Katrina Plamondon has won three prestigious scholarships - Submitted photo
Katrina Plamondon has won three prestigious scholarships
— image credit: Submitted photo

UBC School of Nursing PhD student and Nelsonite Katrina Plamondon has won three prestigious scholarships.

She has been named a Frederick Banting and Charles Best Graduate Scholar by the Canadian Institutes for Health Research. She was also awarded their doctoral competition award and the knowledge translation award, but can only accept one of the three major awards.

Plamondon, originally from Nelson, was recognized this month for her research into knowledge translation — the activities involved in taking research out of the university and into practice.

The three-year award carries a $105,000 stipend.

“There is an urgent need for integrated support for health care professionals who want to be able to use research evidence but don’t have time, skills or capacity to do so,” said Joan Bottorff, director of the Institute for Healthy Living and Chronic Disease Prevention at UBC Okanagan.

Plamondon focuses her doctoral dissertation on narrowing the gap between research, and the needs of policy-makers or practitioners. Plamondon herself bridges this gap in her roles as regional practice leader, research and knowledge translation, at Interior Health and as a PhD student at UBC.

Patricia Marck, director of UBC’s Okanagan School of Nursing, describes the partnering between the university and Interior Health as an exceptional example of a relationship that produces better care within the health system.

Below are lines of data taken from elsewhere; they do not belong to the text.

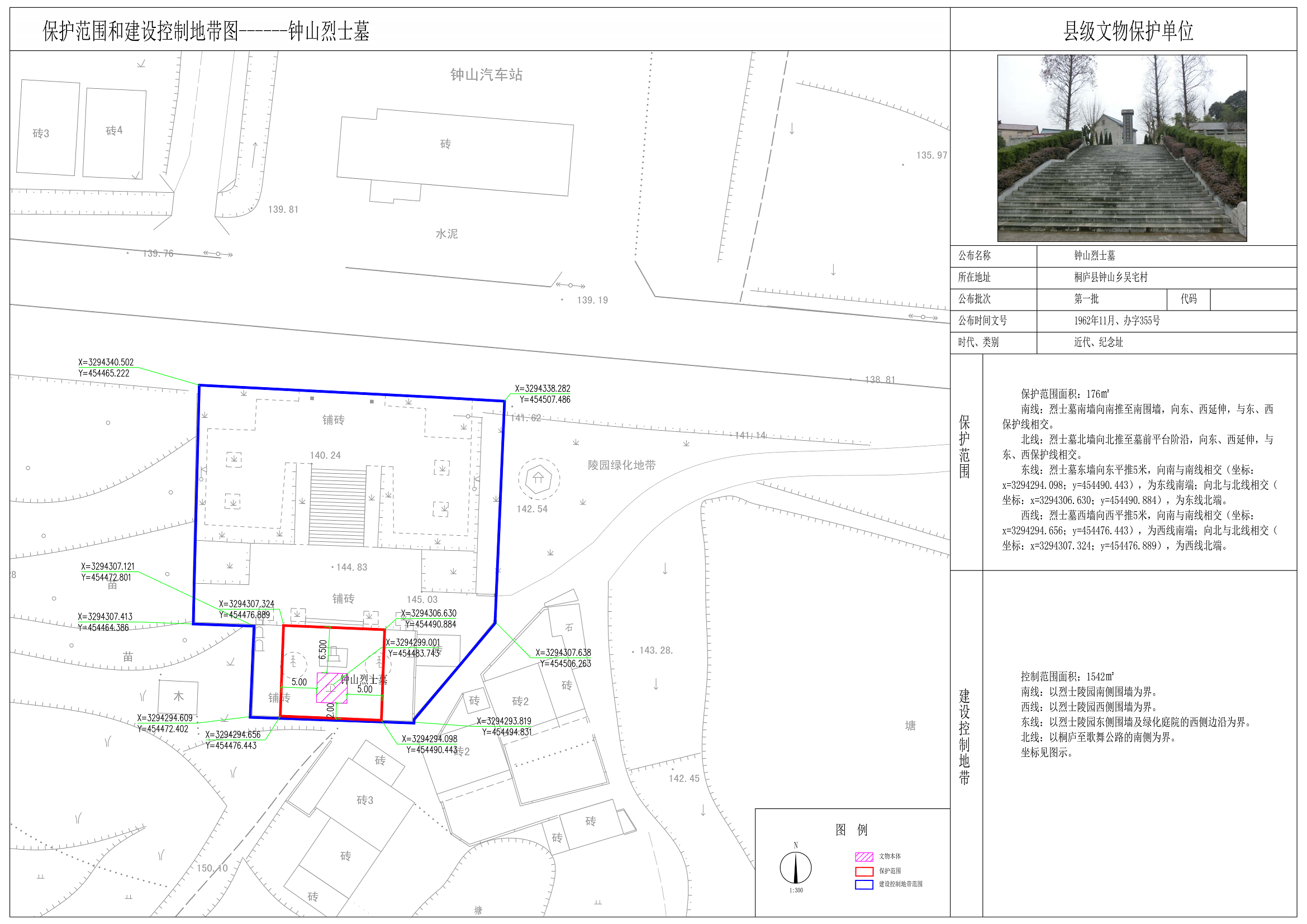 1955年,桐庐县民政局主持将散于附近的烈士墓统一安葬。1966年县人民政府扩建了墓园,修筑了地坪,以供人缅怀参观。1995年烈士墓又一次维修,加设围墙和栏杆。2006年,县人民政府、钟山乡人民政府和民众集资维修扩建,使之成为占地面积2100余平方米的烈士陵园。烈士墓坐南朝北,为圆形砖室墓,水泥砂浆抹面,块石墓墙。
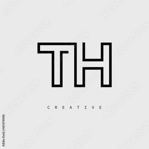 © Mansura, Obraz premium TH Creative Letter Logo – Minimal Line Monogram in Black Outline for Modern Branding Identity Design.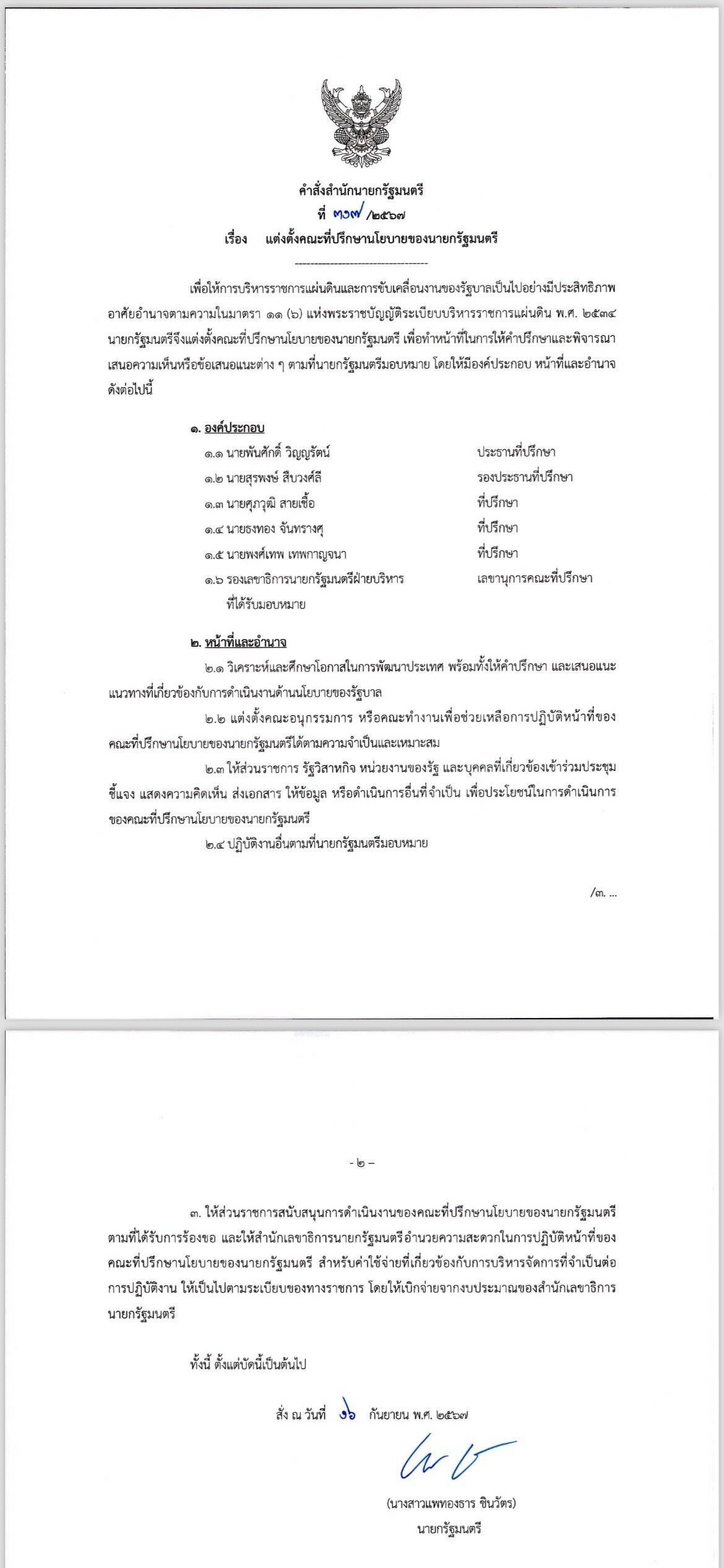 อุ๊งอิ้ง เซ็นแต่งตั้ง 5 ที่ปรึกษา นายกฯ ส่องดูมีใครบ้าง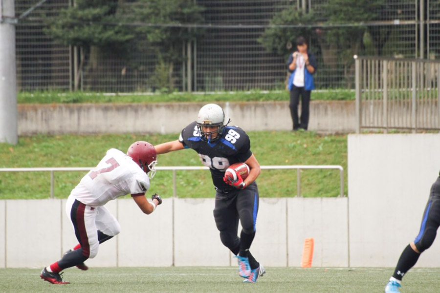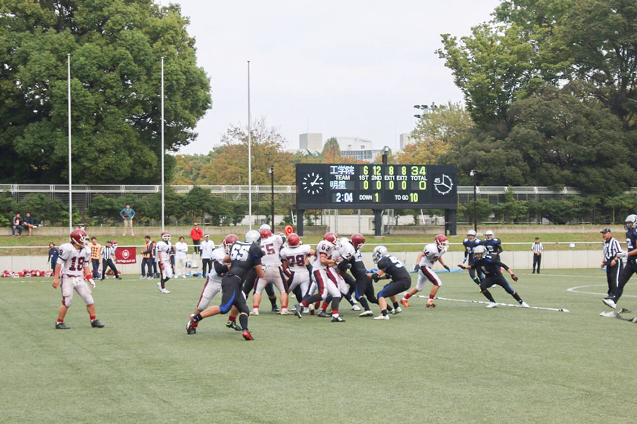 工学院大学は第1クオーターで先制し、そのまま流れに乗って各クオータで立て続けにタッチダウンを決めました。またディフェンスでは、QBサックやインターセプトなどで圧倒し明星大学をを無得点で抑えて勝利しました。

“Katrina Plamondon and her supervisor Dr. Bottorff are both exemplars of researchers who understand the importance of engaging students, practitioners and communities in the research experience to ensure that evidence is used to improve health care. We are very fortunate to work with such talented scientists in our school.”

A self-described “knowledge broker,” Plamondon points to the need for inclusive partnerships to foster relationships between people in practice, policy, and research.

“If we pay attention to people across the health system, if we give a keen ear to the front lines — whether we are a researcher, practitioner, care aide or in housekeeping and laundry services — we can do a much better job at being responsive to practice and policy needs when we recognize how critical we each are in this inter-connected mesh that makes up our systems,” says Plamondon.